Supporting data based upon initial basic research has elicited a general evolution toward human clinical trials for plant-derived vaccines. As encouraging results continue to accumulate, the answers to the above questions are under consideration more than ever. One piece of information that has provided a source of optimism is the fact that the vast majority of patent applications for plant-made pharmaceuticals have been generated at academic and publically funded research institutes. While it is certainly beneficial that the current intellectual property landscape may in fact provide a pathway that ensures freedom-to-operate (FTO) with fewer barriers than may be found in the corporate arena, strategies by which this knowledge can be shared and made accessible for developing countries remain unclear. Furthermore, a more detailed examination as to whether and how these vaccines could be produced in local, rural settings needs to be established and the appropriate policies governing such production should also be set in place. The impact that these details will have on the existing pharmaceutical industry and new challenges which develop with respect to the changing relationship between multinational pharmaceutical companies and current healthcare suppliers for developing countries ought to be addressed as well. As advances in this field remain murky at best at the moment, a concerted effort will be required to enable plant-derived vaccines to truly make their presence felt in the Third World.

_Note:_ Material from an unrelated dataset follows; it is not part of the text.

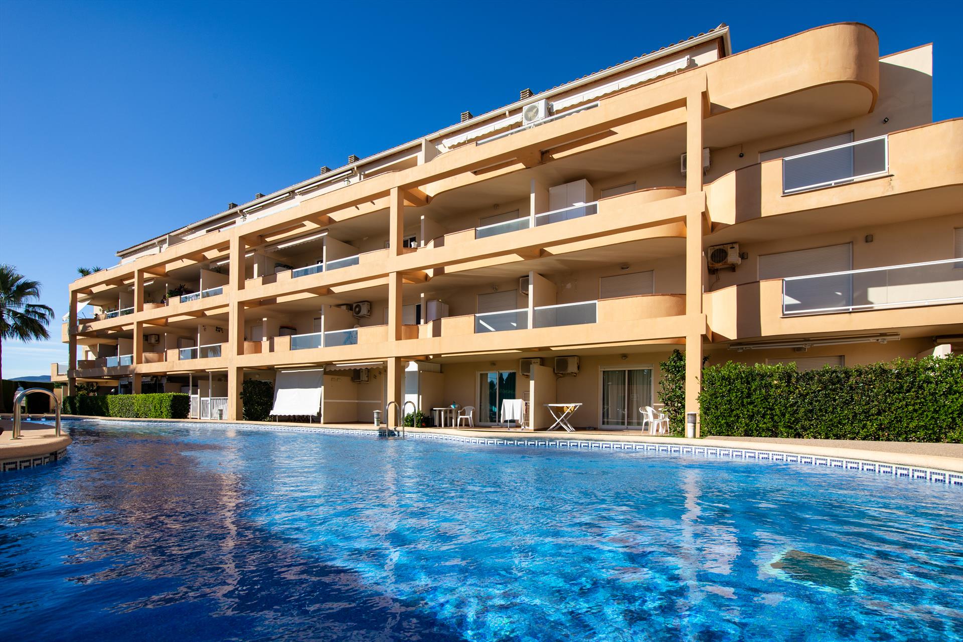 Hermoso y alegre ático en Denia, Costa Blanca, España, con piscina comunitaria para 6 personas. La casa está situada en una zona residencial de playa, cerca de restaurantes, bares y supermercados, y se encuentra a 500 m de la playa de Les Bovetes.
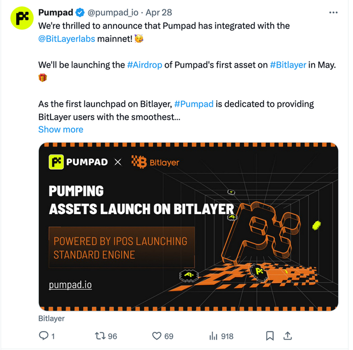 Pumpad 是 Bitlayer 原生的 Launchpad 项目,据官方称,Pumpad 是 BTC 生态系统的一站式 Launchpad 根据 IPOS 标准发行 VGA 资产。资产发行后,Pumpad 可以帮助发行方自动添加 DEX 的流动性,并部署自动做市商协议。可以说,Pumpad 是一个为项目方提供全周期服务的发行平台,而不仅仅是提供 IDO 服务。

While the battle is not yet over, there are plenty of reasons to feel optimistic. The research momentum that is building toward plant-derived vaccine development is strong, and success stories continue to accumulate. The fact that the general public has provided a wider acceptance of the technology than, for example, genetically modified foods, is also a good sign. There are already a number of organizations who specialize in supplying conventional vaccines for the rural poor in developing countries, and this provides a general roadmap for success. The time is at hand for plant-derived vaccines to step up and take their final test, to make a real difference by improving global human health.